AI for literature searches, manuscript drafting, and data analysis

This article is part of weekly updates on new developments in the use of AI methods and tools of surveys (households, individuals, farms…) and administrative data for official statistics

Coverage Period: 24–30 November 2025

Key words: AI, survey research, official statistics, machine learning, data quality, household surveys, data analysis

Executive Summary

This weekly update provides a summary of recent developments in the application of Artificial Intelligence (AI) within survey research and household surveys. The report covers key areas including data editing, cleaning, processing, analysis, reporting, and dissemination, with a focus on implications for researchers and national statistical offices [1].

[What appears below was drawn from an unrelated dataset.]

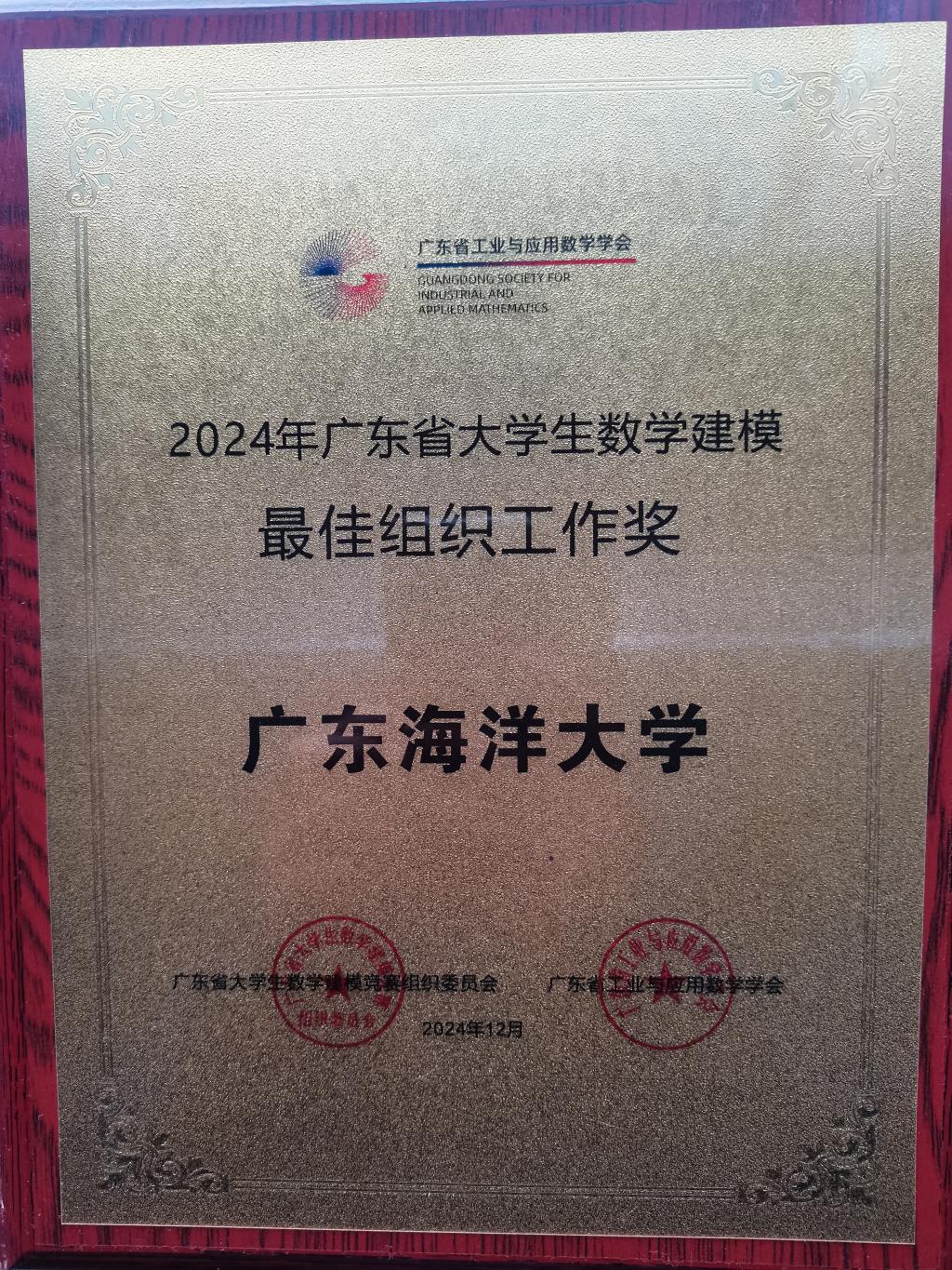 阳江校区学子在2024年全国大学生数学建模竞赛中共获得国家一等奖1项,国家二等奖4项,省级一等奖13项,省级二等奖13项,省级三等奖4项。同时,开云kaiyun登录入口还荣获了2024年广东省大学生数学建模“最佳组织工作奖”,用以表彰学校在竞赛的宣传动员、组织协调等方面所付出的辛勤努力和取得的优异成绩。

Key Developments This Week

This week’s developments highlight a significant and accelerating trend: the rapid integration of AI into all stages of the survey lifecycle. From automated data processing to sophisticated analytical models and new methods for dissemination, AI is reshaping the landscape of survey research. However, this rapid adoption is accompanied by growing concerns about research integrity, data quality, and the potential for misuse.

Recent surveys of research professionals reveal a dramatic increase in the use of AI tools for a variety of tasks. A global survey of over 1,100 research office staff and 1,400 researchers, conducted by Research Professional News, found that AI is now a key driver of change in the field [1, 2]. The report indicates that 57% of research office staff now consider AI a top-three change driver, a significant increase from 25% in 2023 [2].

The most common applications of AI in research offices include identifying funding opportunities (35%), editing and improving grant applications (33%), and data management (30%) [1]. Among researchers, nearly half report using AI for literature searches, manuscript drafting, and data analysis [1].

Despite the widespread adoption, a significant majority of research office staff (60%) identify AI as the greatest threat to research integrity, citing concerns about the erosion of critical thinking and the potential for overreliance on automated systems [1, 2]. This highlights a critical need for robust governance frameworks and training programs to ensure the responsible and ethical use of AI in research.

The Rise of AI in Household Survey Analysis

A new study published in Archives of Public Health demonstrates the practical application of machine learning models for analyzing large-scale household survey data [5]. Using data from the Demographic and Health Surveys (DHS) across 34 Sub-Saharan African countries, the research team successfully predicted household sanitation facility access with a high degree of accuracy. The Random Forest model proved to be the most effective, achieving an accuracy of 80.61% [5].

This research underscores the potential of machine learning to not only predict survey outcomes but also to identify the most influential factors driving those outcomes. The use of Shapley Additive Explanations (SHAP) allowed for the interpretation of feature importance, providing actionable insights for policy interventions [5]. This study serves as a valuable model for national statistical offices seeking to leverage machine learning for more granular and impactful analysis of household survey data.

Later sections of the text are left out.